COVID-19 SPECIAL

Team developing vaccine that can tackle coronavirus mutations as well

Left: Esco Aster's senior bioprocess scientist (vaccine development) Nandini Prabhakar beside the bioreactor that is used to culture the vaccine which the home-grown firm is working on with a US biotech company. ST PHOTO: KELVIN CHNG
Esco Aster's senior bioprocess scientist (vaccine development) Nandini Prabhakar beside the bioreactor that is used to culture the vaccine which the home-grown firm is working on with a US biotech company. ST PHOTO: KELVIN CHNG

A team of local researchers is working on a Covid-19 vaccine that can be modified within three weeks to tackle the Sars-CoV-2 virus if it mutates, and they are hoping for human trials within six months.

Home-grown Esco Aster is developing the vaccine with United States biotechnology company Vivaldi Biosciences, tapping chimeric vaccines which are created by merging proteins from different viruses.

The work-in-progress vaccine, currently named Esco Aster DeltaCov, was "constructed" by joining antigens from the Sars-CoV-2 virus - which causes Covid-19 - with a protein "backbone" from the flu virus.

Antigens are molecules capable of stimulating an immune response.

"Viruses actually want to lie low and not be recognised - they want to evade the immune system and not cause any response.

"By having this backbone... we can awaken the immune system to realise there's a novel virus and create the antibodies needed to kill it," Esco Aster's chief executive Lin Xiangliang told The Straits Times.

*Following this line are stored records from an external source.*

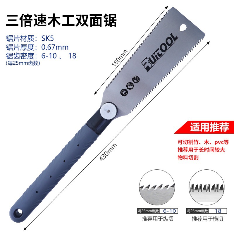 3.锯片可更换,替换安装操作快速简便。双面锯齿设计,适用不同工作场景,三倍速锯齿高频淬火,锯切顺畅省力。
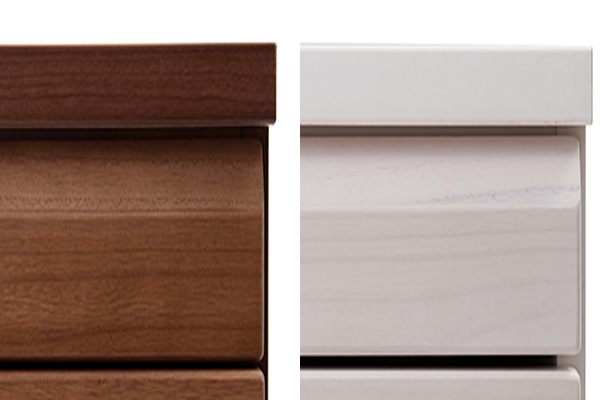 前板を斜めにカットしたデザインで取っ手も見えずシンプルで高級感溢れる仕上がりです。完成品なので届いてすぐにお使いいただけます。
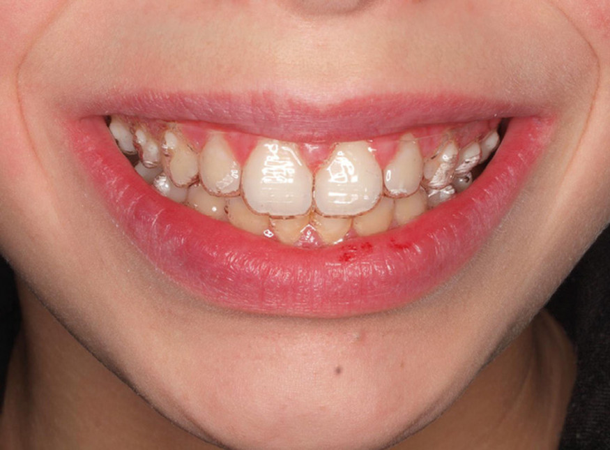 2. Patient avec un aligneur et des taquets sur les prémolaires. ✔ Le principe d’un traitement par aligneurs est basé sur le port successif de gouttières en plastique transparent. À partir d’une simulation informatique du résultat souhaité, toutes les étapes de déplacement dentaire sont individualisées et une série de gouttières thermoformées est fabriquée. Le port de ces aligneurs 22h/24h va déplacer petit à petit chacune des dents pour obtenir le résultat final escompté. ✔ Les aligneurs fonctionnent uniquement par poussée et enferment les dents dans des logements ayant la forme et la position de la dent déplacée : souvent, il est utile de rajouter des taquets en composite qui forment des reliefs collés sur les dents pour améliorer la réalisation du mouvement. |
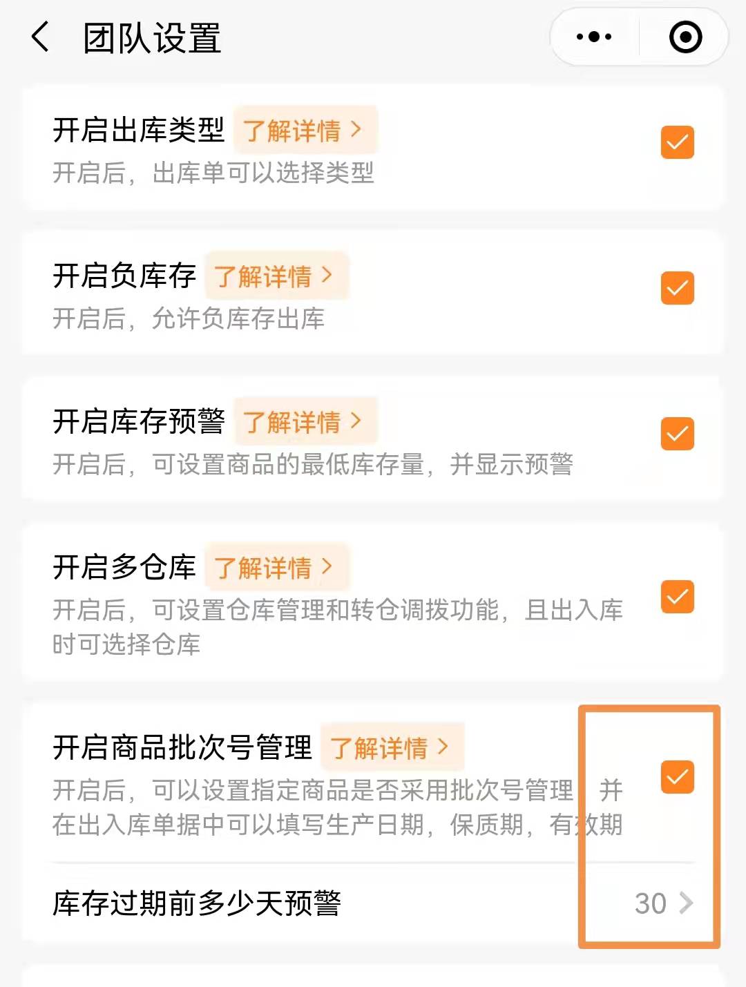 橙子库存通,开启批次号功能时,不仅可以输入批次,还可以输入生产日期,保质期,到期日等。
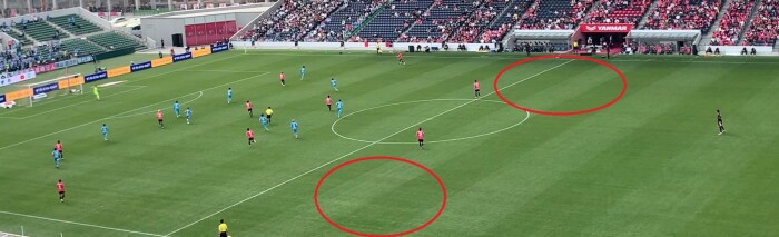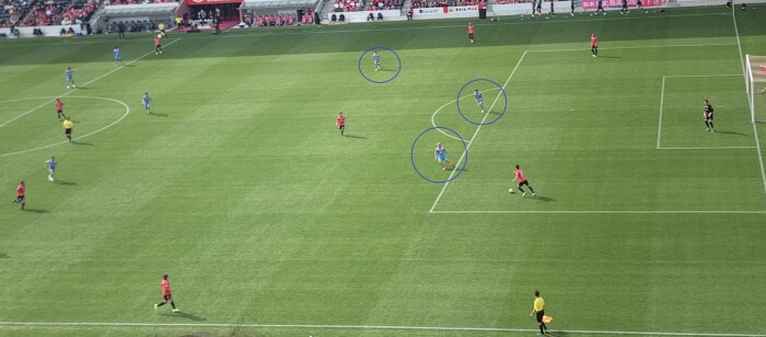 図の通りに前線の3枚でセレッソ大阪の6人を担当する形になる。3枚ともに激しいプレッシングを仕掛けていたが、容易に剥がされてしまい無駄にエネルギーを浪費していたと言わざるを得ない。
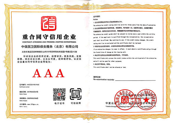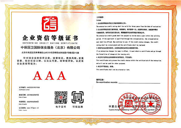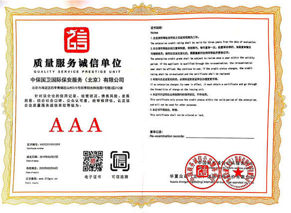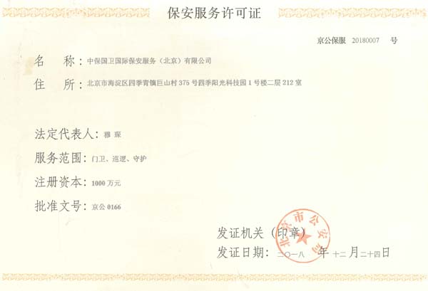 中保國衛(wèi)國際保安服務(北京)有限公司,屬中保國衛(wèi)集團旗下子公司。能全方位的為大型客戶提供優(yōu)質的安保、押運服務,是集人防和技防于一體的新型正規(guī)化綜合安保押運服務企業,提供人防、物防、技防、聯網報*、非武裝押運等安防相關的一站式服務。 公司在國內多省設立有分公司及分支機構,著重提升安全押運、智能技術押運及安全技術防范相關的服務,業務范圍覆蓋全國一、二線城市、港澳地區以及海外地區。安保方面主要為政府機構、金融機構、企事業單位、醫療衛(wèi)生、高等院校、工業園區、大型商場、高檔住宅、智能商務樓、大型活動提供門衛(wèi)、守護、巡邏、押運(非武裝)、安全檢查、保安特勤、私人護衛(wèi)、消防中控、安全技術防范、遠洋護航等全方位服務,同時面向國際市場,為中資企業在“一帶一路”沿線國家投資提供境外安保服務。 >> 更多內容 |
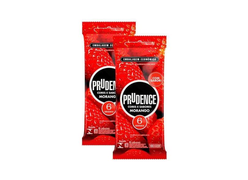 Preservativo Prudence Cores e Sabores Morango 6 Unidades Kit com duas
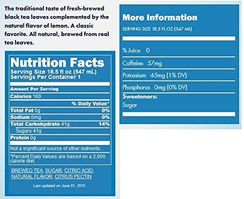 -. Feature : Lipton Pure Leaf Brewed Tea with Lemon - 12 bottle of 18.5 oz / All Natural Fresh Brewed Taste / No Preservatives, No added Colors / Fresh brewed Black tea leaves with the natural flavor or lemon
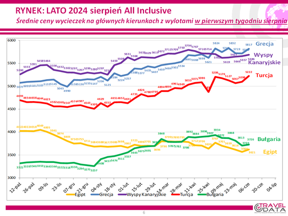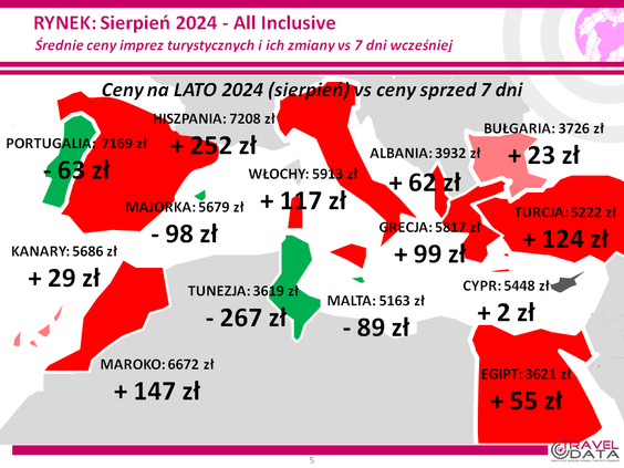 O 38 złotych wzrosła w zeszłym tygodniu średnia cena wycieczki z wylotem między 5 a 11 sierpnia – odnotował Instytut Badań Rynku Turystycznego Traveldata w najnowszym raporcie z monitorowania ofert biur podróży*.
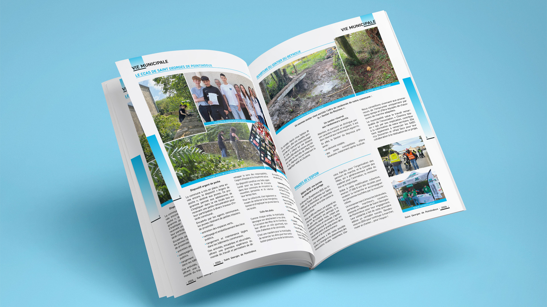 La mairie me confie la réalisation de ses bulletins municipaux, 2 par an : prolongation de la charte graphique, enrichissement des textes fournis et travail sur les visuels.
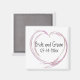 Pink Abstrakte Heart Wedding Magnet mit den persönlichen Namen der Braut und des Bräutigams und dem genauen Datum der Ehe anpassen. Erstellen Sie ein zeitgenössisches personalisierte, das den Datums-Magneten behalte, halten Sie das Hochzeitsgeschenk für Neuvermählte, Brautmädchen oder Trauzeugen. Geeignet auch als Gastgeschenk Hochzeit oder Brautparty Gastgeschenk. Dieser hübsche und moderne romantische Hochzeitsquadrat zeichnet sich durch ein digital kreiertes abstraktes rosa Fraktal Herzdesign mit weißem Hintergrund aus.
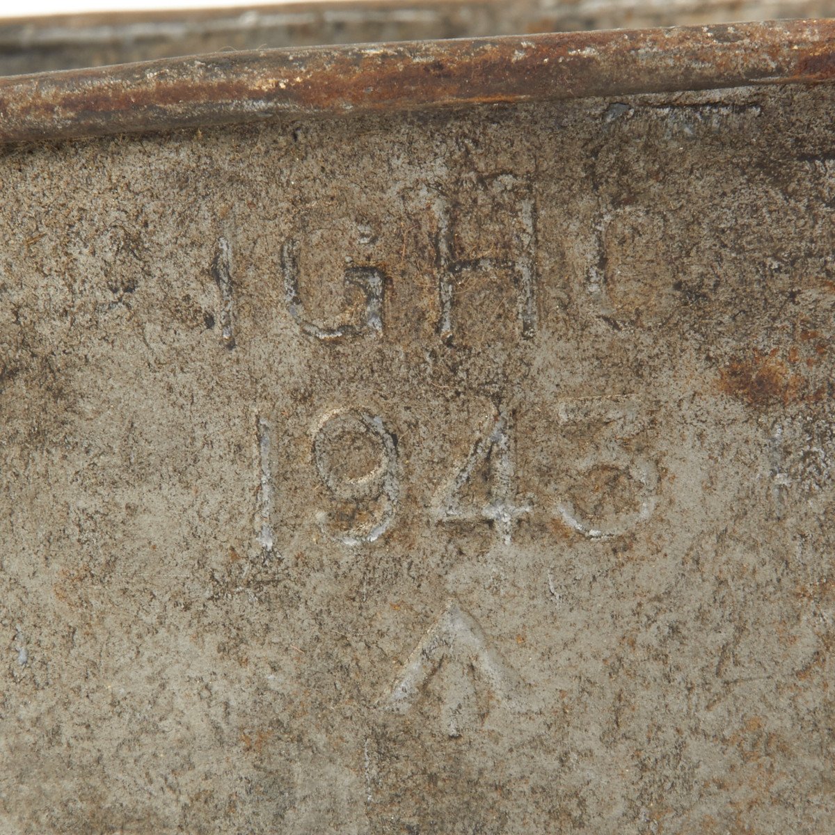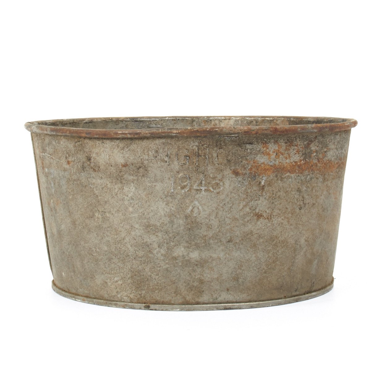 Original Item: Who could have imagined this height of decadence? Official Army issue galvanized steel foot baths. Full military marking with broad arrow and WWII dated.

Esco Aster, which has a laboratory in Ayer Rajah Crescent, offers vaccine-, cell-and gene-therapy development and biomanufacturing services.

Research on the flu virus backbone was started in 1999 by Dr Thomas Muster, who is now Vivaldi Biosciences' chief scientific officer.

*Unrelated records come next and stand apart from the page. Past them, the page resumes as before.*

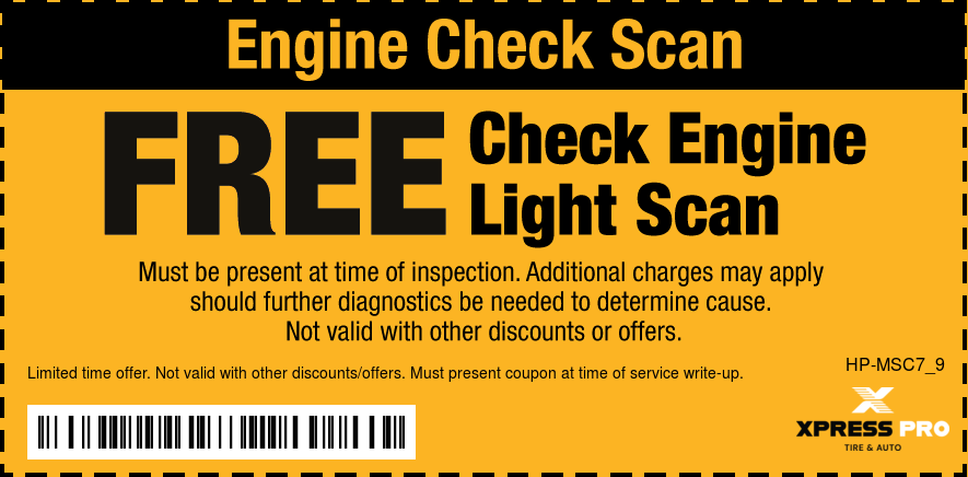 Good only atXpress Pro Tire & Auto Fishers Request Appointment Print coupon Offer details Engine Check Scan FREE * See coupon for exclusions. Email Coupon First name * Last name * Email address * Sign me up to receive future text offers from Xpress Pro Tire & Auto Fishers: Via Text Mobile Phone By clicking "I accept" below, I expressly agree to receive marketing text messages made by or on behalf of Xpress Pro Tire & Auto Fishers to the telephone number(s) I’ve listed above. I understand that I may receive such text messages by the use of Automatic Telephone Dialing Systems (including “Predictive Dialers” or “Autodialers”) and I agree to receive them even if I have registered my number(s) with my state or federal Do-Not-Call list(s). I understand that such text messages will include advertising containing offers for goods or services and that I may revoke this consent at any time by telephone, return text message or by Visiting xpresspro.com/local/in/fishers/stop to unsubscribe. Message and data rates may apply. I also understand that I am NOT required to provide this consent as a condition of purchasing goods or services. I accept View: Text Specials Terms and Conditions with this link.
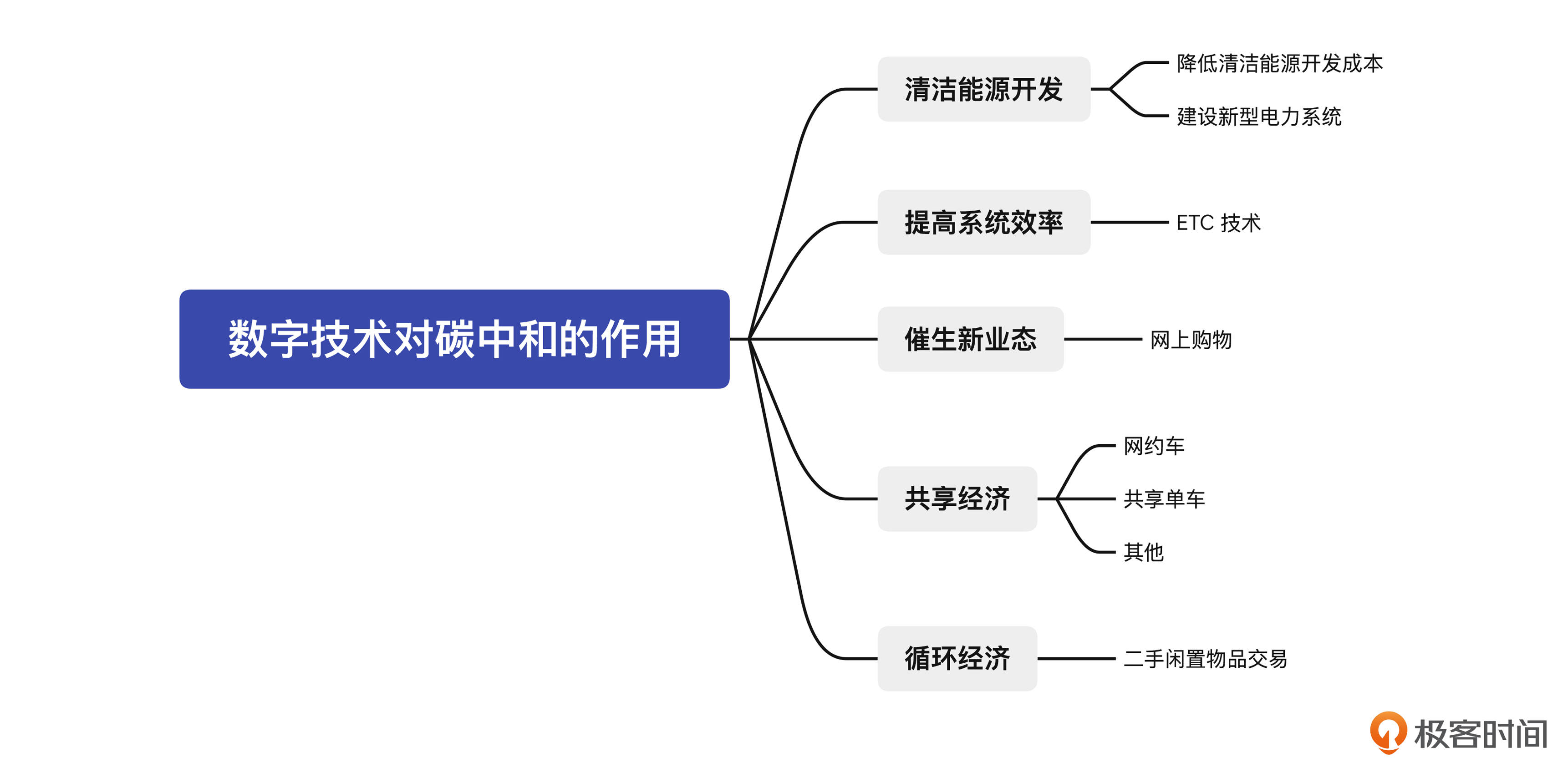 今天,我们一起了解了数字技术在清洁能源开发、提升系统效率、催生新业态及助力共享经济、循环经济中的巨大作用。我还画了一个思维导图,供你参考复习。
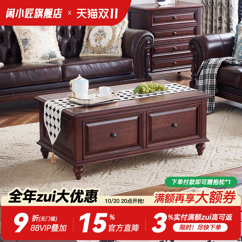 美式轻奢茶几电视柜组合客厅全实木欧式橡木长方形茶桌小户型家具
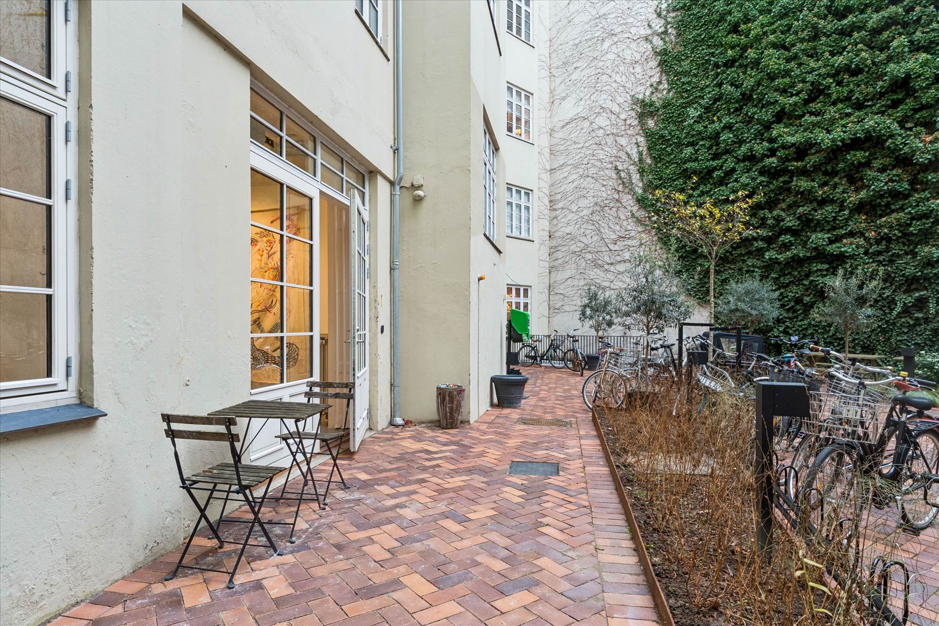 Via gården har lejemålet sin egen lille terrasse foran indgangen, som giver en sjælden mulighed for et privat udendørsareal midt i København. Et oplagt sted til en kaffepause eller frokost.

It has been used to create vaccines and vaccine candidates for several infectious diseases since then, including multiple flu strains and the severe acute respiratory syndrome or Sars, also a coronavirus.

Mr Lin had approached Vivaldi Biosciences after the first Covid-19 case in Singapore was confirmed on Jan 23.

Esco Aster, an arm of leading biopharma equipment manufacturer Esco Group, is working on finding the correct antigen sequence to be inserted into the backbone, and on scaling up the production of the backbone.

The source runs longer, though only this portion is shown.